Выбрать главу

Gurruchaga had been reported by the hooligans who came after us on Julius Caesar’s bridge when we were walking back to the circus with our load of tomatoes and oxtails. The kid whose stomach he’d pummeled with his iron fists had bled from the brain after taking flight and dropped dead in front of the Caño Gordo gate, along one of the façades of the Mosque. Apparently he collapsed suddenly and, already dead, smashed his face on Córdoba’s stony ground. A local poet would surely have praised the Roman whirls on the funeral wreaths if he’d ever gazed upon such a fine corpse. His mates carried him on their shoulders to the Civil Guard barracks and reported what had happened, taking no blame, exaggerating what had happened, creating a pantomime out of death. I tried to make an effort to come to his aid and tell those men it had been legitimate self-defense, but fear prevented me, and remorse still troubles my memory in that respect. I now know that my testimony would have served no purpose. My fate would have followed its preordained course, and I’d have reached this moment in time in exactly the same way. It was best for me to keep quiet.

Gurruchaga looked up at me from the ground. Tears glinted in his eyes, and petals of blood wreathed his forehead like carnations on a gravestone. They kicked him back on his feet and handcuffed his hands behind his back. He tried to say something to me, but cowardice made me look the other way and I couldn’t read the words on his lips. “You lot, get on with your chores. Nothing happened here,” ordered Esteruelas with the blocked flute of his nasal voice. “As for you and this absurd circus,” he told Di Battista, “we shall investigate what this is all about and who is ultimately responsible.” Before they took the prisoner away, that man scrutinized me, as if he were fascinated by my deformities, but then he walked off, and in the end I wasn’t brought to account. We met up years later, there was even a time when I did some jobs for him, but he finally got his just desserts, not that I’d been wanting that. I watched Gurruchaga walk off for the last time. Red poppies streamed down his trouser leg. It was a stream of hope, that mirage he’d never believed in.
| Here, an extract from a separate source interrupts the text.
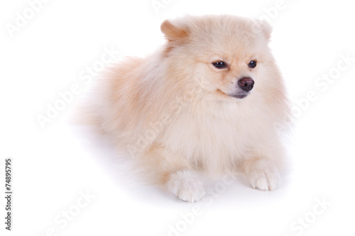 dog, pomeranian, white, isolated, background, hair, pet, puppy, happy, grooming, animal, cute, face, to sit, small, smile, miniature, fluffy, puppy, young, ear, eye, nose, leg, moustache, mouth, tongue, little, spitz, looking, barking, laying
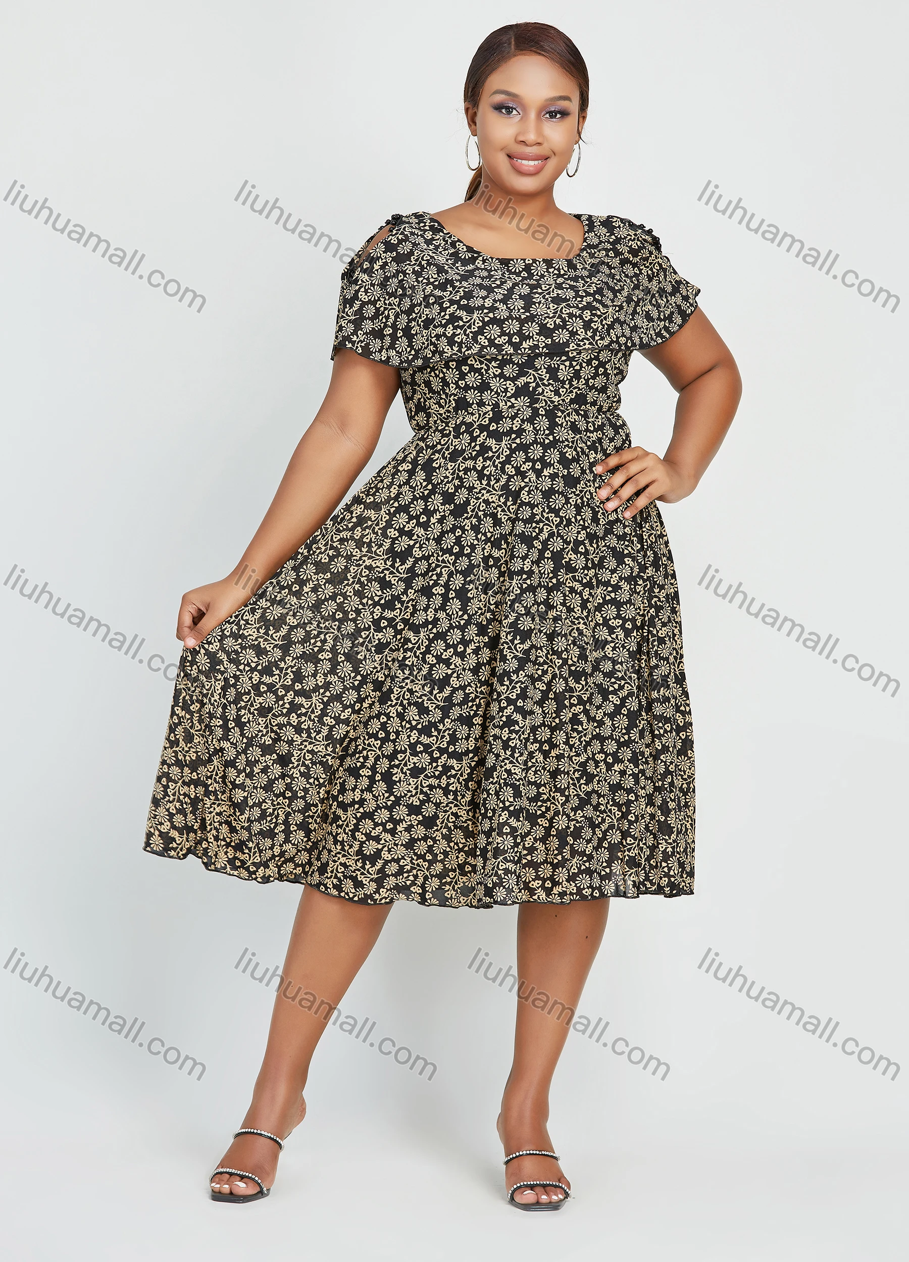 Wholesale Women's Plus Size Casual Cotton Round Neck Layered Short Sleeve Cutout Allover Floral Print Midi Dress

The dead don’t speak, they simply rot away as the seasons come and go till they turn to dust or creepy-crawlies have their fill. The dead have little or no influence over their fates. They’re sometimes called upon to test out the waters of transcendence with their own hand, but it’s rarely a success. They say Jesus Christ was practiced in this kind of shadowy endeavor and that he brought Lazarus back into this world. He must have emerged from the grave pale and wan like someone returning from a catastrophe, and he surely trembled in fear and even found it difficult to control his sphincters. Resurrection did him no good — perhaps as a preamble to a fresh death, a second death, a dead man times two. For everyone else, it was perhaps a reason to cling to hope. You have invaded my home to relieve me of consciousness and snatch my life away. I knew that the second I felt your presence, and though I’d been warned about what was bound to happen, I never thought it would be like this. They do say that at the very instant of death, past time zooms past one’s eyes at the speed of lightning and one relives every moment as if they were the frames of a film rolling to its end. Perhaps that’s what’s happening right now. Perhaps the deeds I’ve done, those that shaped my feelings and justified my transit through this world, are dizzily being reproduced before I vanish into the void.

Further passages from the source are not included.